Han deu uma olhada no alto vulto Togoriano que ocupou o assento de piloto
ao lado dele e exclamou, surpreso:
– Você não é Muuurgh!
– Sou Mrrov – apresentou-se a fêmea Togoriana. Ela tinha se livrado do robe
de peregrina, e a gloriosa pelagem branca com listras alaranjadas reluzia como
fogo. – Vou cuidar das armas para você; apresente-me o que nós temos, por
favor. Você verá que sou uma oficial artilheira muito melhor que Muuurgh. Na
nossa espécie, as fêmeas são as técnicas e as especialistas em instrumentos. – Ela
deu uma olhada para Han, que viu que os olhos de pupilas fendidas dela eram
amarelos. – Além disso, Muuurgh foi ferido, e não está em condições de lutar.
– Ele vai ficar bem? – Han sentiu uma pontada de preocupação.
– Acho que sim. Meu povo é muito forte e resistente. Bria; esse é o nome
dela? – Han assentiu com a cabeça. – Sua Bria está com ele. Muuurgh está
descansando.
– Certo – disse Han. – Esta belezoca não tem muito armamento, mas conta
com alguns mísseis de concussão e um canhão laser leve. Bem ali. Canhões laser
à sua direita, lança-mísseis à esquerda. Computador de tiro bem à frente.
– Muito bem. – Depois de alguns momentos conferindo o painel diante dela,
Mrrov assentiu com a cabeça. – Tudo bem, eu dou conta. Quem atirou em nós?
– É isso que eu estou tentando descobrir – respondeu Han, estudando as
leituras de sensores. – Não acho que os sacerdotes tenham armas superfície-ar,
mas não consigo...
Han se interrompeu com uma gargalhada, bem quando a Talismã estremeceu
de novo. Mrrov olhou para o piloto, que ainda ria, como se ele fosse louco.
– Está tudo bem – afirmou ele.
Ela apontou a leitura técnica do espaço ao redor deles. Havia várias células
de tempestade, a uma distância segura do vetor de escape deles, mas havia
também uma pequena nave em forma de lágrima que se aproximava rapidamente
da Talismã.
– Como assim, “tudo bem”? Tem alguém nos perseguindo e atirando, e está
chegando perto!
– Ahhhh... é só o velho Jalus Nebl na Sonho Ylesiano – respondeu Han,
acenando de forma desdenhosa. – Os sacerdotes devem ter mandado ele subir
aqui e derrubar a gente. – Ele riu de novo.
A Talismã deu um tranco leve. Han riu mais uma vez.
Mrrov o encarava, obviamente se perguntado se o piloto tinha enlouquecido
com a pressão. Han sorriu alegremente para ela.
– Você não entendeu.
– Não – concordou Mrrov. – Você se importaria em explicar?
– Sem problema. Jalus Nebl é meu amigo. Ele não me derrubaria, assim
como eu não derrubaria ele. Então está atirando com o canhão laser, errando a
gente por pouco todas as vezes, fazendo parecer de verdade.
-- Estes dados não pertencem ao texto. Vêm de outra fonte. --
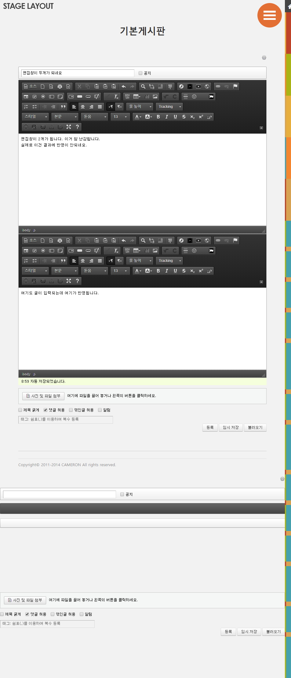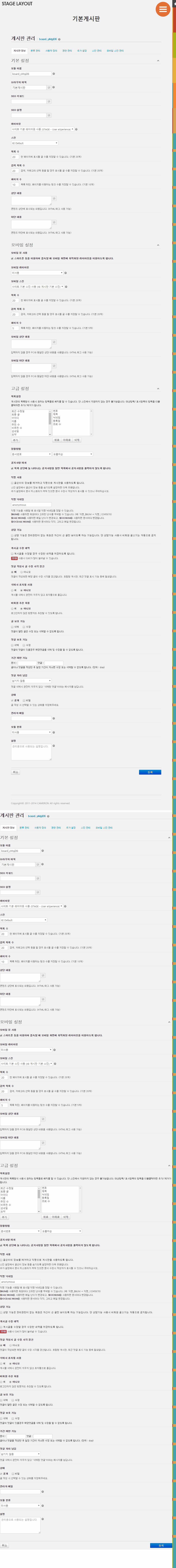 2) 게시판 설정화면에서 전체 설정내용이 2번씩 반복됩니다.
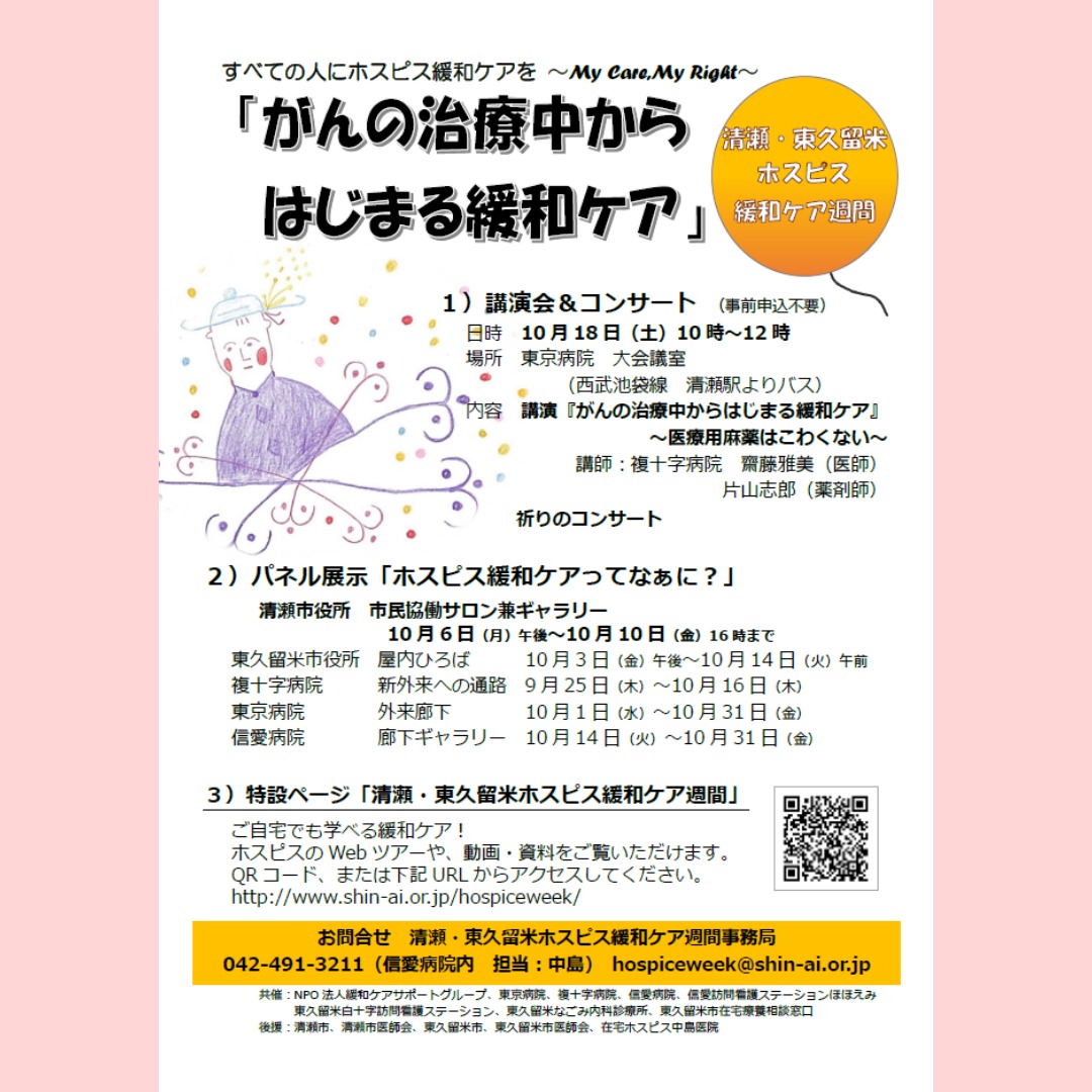 【清瀬・東久留米ホスピスケア週間のお知らせ】清瀬・東久留米ホスピス緩和ケア週間の中で10/18(土)10..

Estamos ganhando
velocidade a cada momento, logo vamos sair da atmosfera e, cinco minutos
depois disso , teremos escapado do campo gravitacional do planeta. Está tudo
bem, Mrrov. Confie em mim.
Os bigodes de Mrrov tremeram.
– Acredito que esteja começando a entender. Seu amigo Jalus Nebl está
fingindo tentar nos derrubar? Portanto não temos nada com que nos preocupar?
– Isso – confirmou Han, animado. – Estamos quase livres da atmosfera e, se
Nebl tiver um grão de bom senso, vai pegar a Sonho Ylesiano e carregar aquela
carcaça bochechuda para longe de Ylesia, também. Ou talvez ele tenha decidido
ficar com os sacerdotes e pedir um aumento. Eles vão ficar desesperados, com só
um piloto.
Outro tiro de raspão fez a Talismã tremer.
– Esse passou perto – murmurou Han, verificando o casco da nave e os
sistemas. – Aquele desgraçado está se exibindo.
Han continuou rastreando a Sonho Ylesiano enquanto ela os seguia pelo final
da estratosfera até a fina camada da ionosfera. Adiante aguardava a mais tênue
camada da atmosfera superior – a exosfera.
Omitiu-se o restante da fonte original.